If the attack is fileless, the local restrictions put on scripts and other files with active content will prevent process elevation. So, the prevention can still be effective. Of course, this requires not only restricting scripts, but also many other file types (like scriptlets, shortcuts, etc).
There is also a possibility to first use for elevation EXE/DLL files, and next apply fileless techniques. This method is less popular but still too often used to be ignored. Although the AVs are good at detecting EXE/DLL files, it is better to strengthen the protection by adding a kind of reputation file lookup.



It is true, but it cannot be successful with the standard script and firewall hardening. Of course, in the highly targeted attacks, the attack vector can be adjusted to bypass restrictions.



You assume something that can hardly happen when the restrictions are properly applied. Furthermore, the attacker would have to expect which security layers are applied. So yes, in the highly targeted attacks, such tools like WHHLight can be bypassed. However, this can hardly happen at home.



Yes, users can disable most security layers in this way. For users, the simplest to disable are usually AVs (about four mouse clicks).
However, that can depend on the user. For example, on the child's computer, you can simply use SUA while the child does not know the Admin password.
When using Microsoft Defender, it is possible to hide it from the Security Center.
When using WHHLight or H_C, one can remove the package from the computer and keep the tools on the flash drive.

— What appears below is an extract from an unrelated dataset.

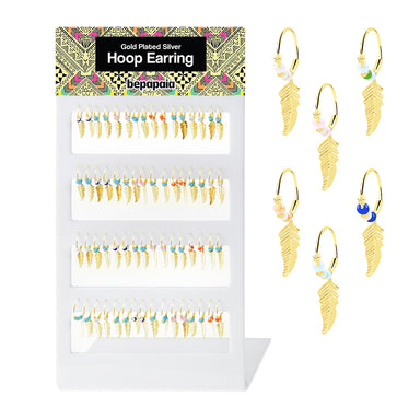 Boucle d’oreille Créole en Argent massif 925 avec pendentif plume. Trois designs de plumes disponibles sur ce présentoir top vendeur. Les boucles d...
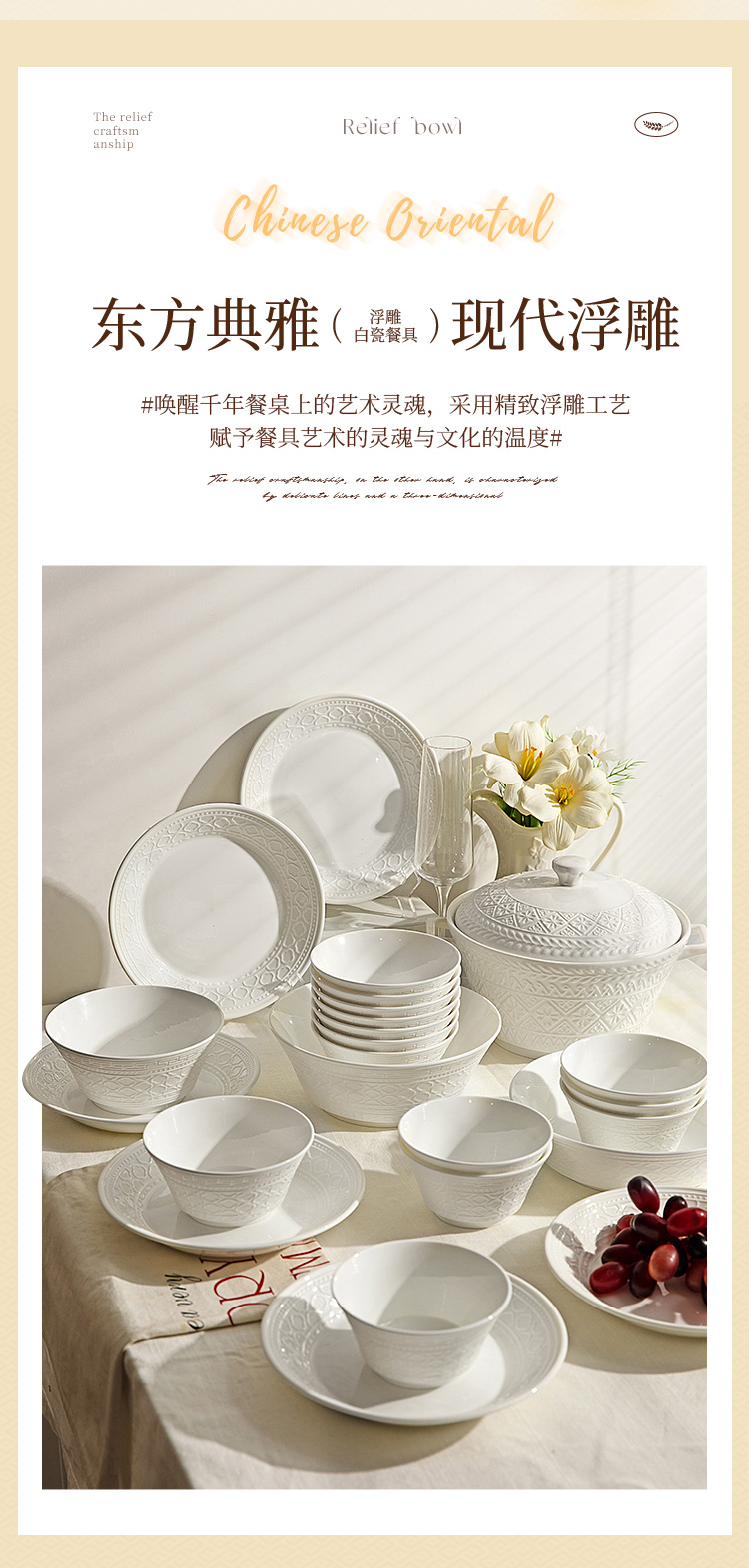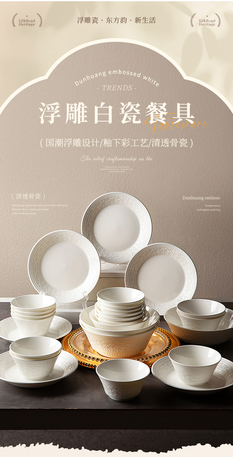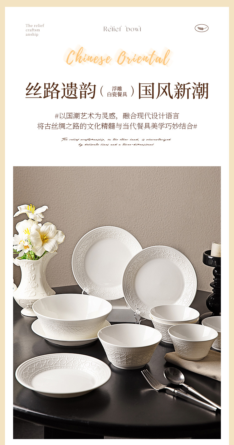 摩登主妇白色骨瓷碗具餐具套装家用2025新款碗盘碟筷乔迁新居礼物

Your analysis correctly identifies the primary bottleneck for commodity threats in a home environment: the reliance on standard execution primitives to reach the elevation stage. In the specific case of the Amnesia RAT campaign, the "process aborted" scenario is technically accurate because the attack chain is a linear sequence. By enforcing script and shortcut restrictions (SWH) and blocking outbound PowerShell connections (FirewallHardening), you effectively "starve" the malware of the ability to fetch its secondary payloads or initiate the UAC spamming sequence. This validates the NIST SP 800-53 (CM-7) principle of Least Functionality, where disabling unnecessary file-type associations and communication channels removes the "Living off the Land" (LotL) advantages the attacker expects.

The transition to a Standard User Account (SUA) serves as the ultimate "fail-safe" for these technical layers. While technical hardening provides the frontline defense by blocking the .vbe and .lnk files, the SUA status provides a structural barrier against the social engineering component of the attack. Since the Amnesia RAT relies on triggering high-frequency UAC prompts to fatigue the user into granting administrative access, a user who lacks the credentials to satisfy that prompt, or is operating on a child's machine as noted, effectively breaks the elevation logic. This confirms that for the home user, the combination of Attack Surface Reduction and Identity Isolation raises the "Cost of Attack" to a level that standard phishing kits are currently unprepared to bypass.

Finally, your point regarding Reputation File Lookup for EXE/DLL payloads addresses the most likely pivot for attackers. When file-type restrictions become common, attackers shift toward binary wrappers or ISO containers. Supplementing local policy with reputation-based checks (such as SmartScreen or a dedicated lookup tool) ensures that even if a payload bypasses the script-blocking layer, it must still pass a global "Trust" verification. This layered approach, prevention through hardening, enforcement through SUA, and validation through reputation, creates a resilient ecosystem that is significantly more robust than the "single-point-of-failure" models often criticized in enterprise security.